Pantaloon‘s lips cracked to reveal a three toothed grin and he turned back, raising his sword high above the defenseless orphan as he did so. “You’re in Hell!” he hissed and brought the blade down for a killing stroke.
Mid swing a rock struck poor Pantaloon behind the ear and down he went, fast as shot strung line in a fish pond. “Hurry, run!” a squeaky voice called at the stone’s impact.
Tear filled eyeballs peered from between swathing. Bright green and sparkling they saw the still form of Pantaloon crumpled in a heap before them. Bouncing from the fetal position in an instant the raggedy bundle sprang away from the stunned mob. “Over here!” came a cry. Altering course the sprinting dirtball bobbed and weaved around the edge of the reawakening mob and barreled between two houses.
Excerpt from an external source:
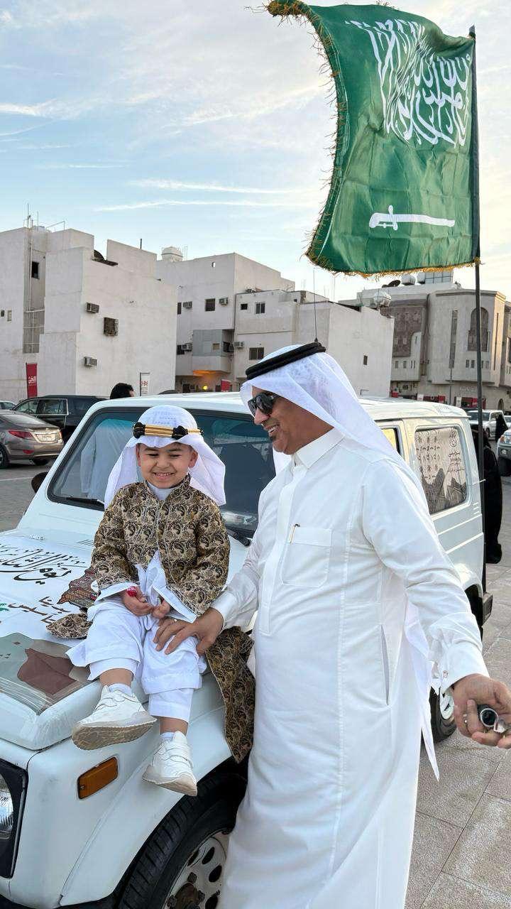عبر المواطن – محمد حامد الينبعاوي من المدينة المنورة عن بالغ سعادته بمناسبة يوم تأسيس المملكة العربية السعودية والذي خرج بسيارته وطفلة لشوارع المدينة لمشاهدة الاحتفالات بهذه المناسبة الوطنية.

A shadow detached from its fellows and ran alongside the urchin. A stolen glance with emerald irises gave a blurred impression of another flea bitten, lice ridden, rag wrapped bag of bones street urchin keeping step. “We’ve gotta hurry!” the other urchin called as the mob’s nasty curses and dire threats began piling up behind them. The twins put on an extra burst of speed, rounded a corner and dropped behind some long forgotten debris. Emerald Irises looked through similar folds of dirty clothe, into eyes a kind and gentle brown. After a few moments of angry threats growing in volume the mob stampeded past their camouflaging pile of garbage.
Emerald Irises tackled Gentle Brown with a bear hug beyond proportion. “Oh my God, thank you, thank you, thank you!"
“Wow, that was close!” gentle brown exhaled happily and pushed the ecstatic Emerald Irises away. “Slow down wouldja? We’re not safe yet. Follow me.” Dragging the other urchin to wobbly feet, Gentle Brown took off down the street in the opposite direction from the mob.